Today, artificial intelligence (AI) is blazing the next frontier in baseball as the smart technology has the potential to revolutionize the game, much in the same way as the Oakland A’s clever Moneyball methods transformed the sport forever.

How has AI changed sabermetrics?

For one, AI is quickly becoming a pivotal part of sabermetrics because of the technology’s ability to ingest, process and generate insights on absurd quantities and types of data. Now that massive datasets are able to be quickly analyzed, baseball teams are able to make faster and smarter decisions.

In traditional sabermetrics, a single is a single regardless of what else is going on, like whether runners were on base or where the ball ended up. Recording games as a series of discrete events without any context doesn’t fully capture a player’s impact, according to Connor Heaton, a Ph.D student at Penn State’s College of Information Sciences and Technology (IST). 

“When you simply describe a game as counting statistics, you really lose a lot of information about how the game actually happened,” said Heaton.

Heaton’s model draws on Natural Language Processing (NLP), specifically a sequential modeling technique called Masked Gamestate Modeling, which helps computers infer the meaning of words from the surrounding context. In baseball, Heaton said, a similar process can be used to infer the meaning of game events based on context and the impact they have on the game.

RELATED Restoring Ancient Texts with AI
This Google DeepMind project uses a neural network, natural language processing and machine learning to help historians piece together fragments of ancient Greek decrees from 420 BC.
  • Article:Industry
  • Nutanix-Newsroom:Article

June 17, 2025

Heaton also leveraged the idea of self-supervised contrastive learning, a family of methods used in computer vision to draw conclusions from unlabeled data. The idea is that similar views of the same image will produce outputs that are also similar, and different from other records in a batch of images. 

“We adapted that to baseball, and said that the same player at two close points in time should have a similar impact on the game,” Heaton said.

Heaton and his co-author, IST professor Prasenjit Mitra, trained their model on data from the Statcast system, which uses 12 high-speed cameras at every MLB stadium to record information on pitching, hitting and fielding. There were three kinds of data in all. First, they used the Python package pybaseball to collect pitch-by-pitch data for the 2015-2019 seasons and season-by-season data from 1995-2019, a total of 5,000 games and 4.6 million pitches.

Pitch-by-pitch data included game number, at-bat number and pitch number. The season-by-season data covered the result of each pitch in terms of changes to the “gamestate”: ball-strike count, base occupancy, number of outs and score. Various combinations of these four numbers could lead to one of 325 possible gamestate changes. 

RELATED Swarms of AI Agents Powering Businesses and Daily Life
In this Tech Barometer podcast, disruptive technology investor and analyst Jeremiah Owyang explains the rise of AI agents and a future shaped by a multiplying AI-first mindset.
  • Nutanix-Newsroom:Article, Podcast

June 4, 2025

The third type of input was recordings from old-school sabermetrics, describing each pitcher, batter and their past encounters. They ran the analysis on two A600 GPU workstations in Heaton’s office.

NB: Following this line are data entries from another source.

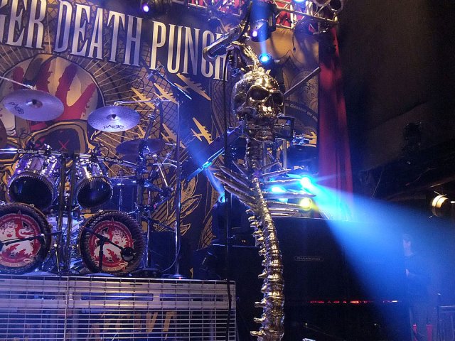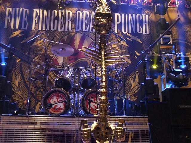 The microphone stand created by The Alchemy Studios for the metal band Five Finger Death Punch on stage.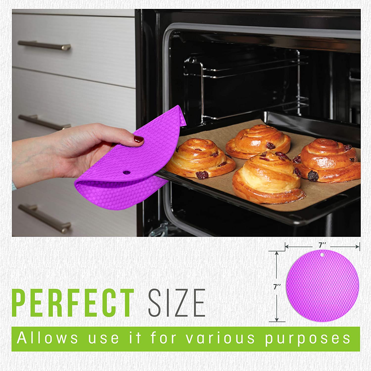 No Slipping: The base sticks on the surface without moving or sliding, assuring the stability and safety of your dishes and utensils. It is also heat resistant and can withstand pots of freshly cooked hot food or beverages.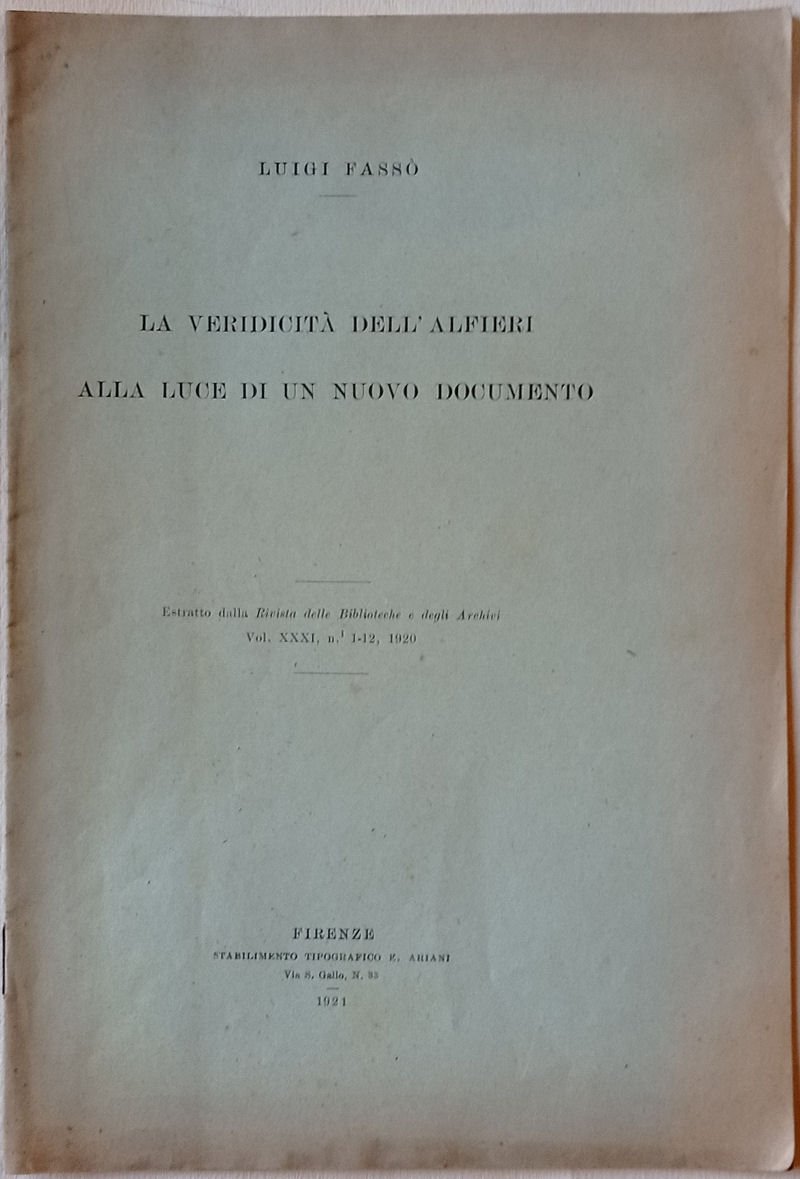 La veridicità dell'Alfieri alla luce di un nuovo documento.

The result, described in a paper that was picked as a finalist at the MIT Sloan Sports Analytics Conference, was a measurement of each player’s short-term impact on games called “player form.” A form, described by a 64-element vector, describes a player’s skill as part of a larger sequence of events, instead of a collection of events in isolation. Expressed in a low-dimensional space called an embedding, “it provides much more nuance into the exact way in which the good players impact the game,” said Heaton.

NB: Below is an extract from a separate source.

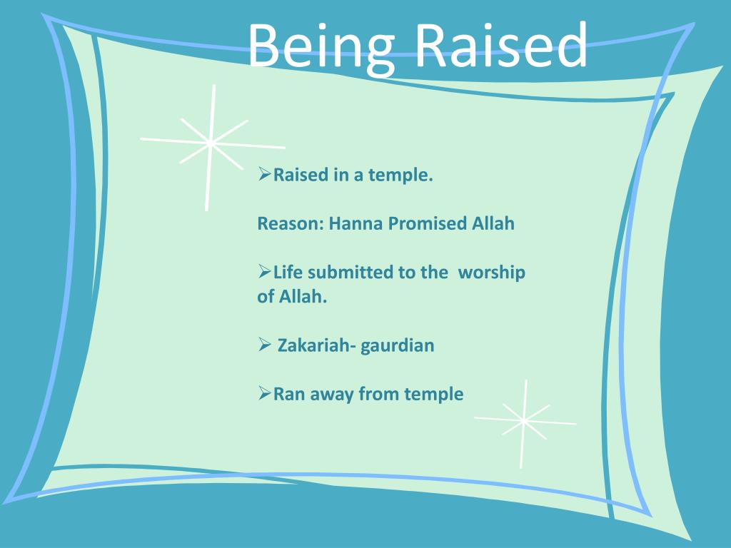 Being Raised • Raised in a temple. • Reason: Hanna Promised Allah • Life submitted to the worship of Allah. • Zakariah- gaurdian • Ran away from temple

Heaton and Mitra tested the technique on MLB games from 2015 through 2019. With AI in sabermetrics, their approach was able to predict the winner of a game with almost 60% accuracy.

Forms also seemed to do a better job teasing apart exactly how good players impact the game. One statistic used to evaluate players’ value is called “wins above replacement” (WAR) – a measurement of how much they help their team win compared to a hypothetical replacement player with more pedestrian skills (and lower cost). 

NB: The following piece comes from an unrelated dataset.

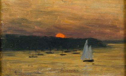 Segler auf dem Wasser bei untergehender Sonne am Horizont

“In analyzing sabermetric-based embeddings, one could reasonably conclude that in order to have a high WAR rating, a player would need to hit a lot of home runs,” Heaton said. 

“The form-based embeddings, on the other hand, provide a much more holistic interpretation, suggesting a variety of ways in which players can bring high value to their team.”

RELATED AI Ambitions in Financial Services Tempered by IT Infrastructure Challenges
Most financial firms are using containerization to support generative AI applications, but nearly all cite a need to improve their IT infrastructure, according to the 2025 Enterprise Cloud Index report.
  • Article:Industry
  • Nutanix-Newsroom:Article
  • Products:Nutanix Cloud Platform (NCP), Nutanix Enterprise AI (NAI)

August 26, 2025

The authors have made the code and data publicly available on Github. They hope to use the methodology to model how events within the same game relate to each other, and what impact other team members such as managers might have on game outcomes.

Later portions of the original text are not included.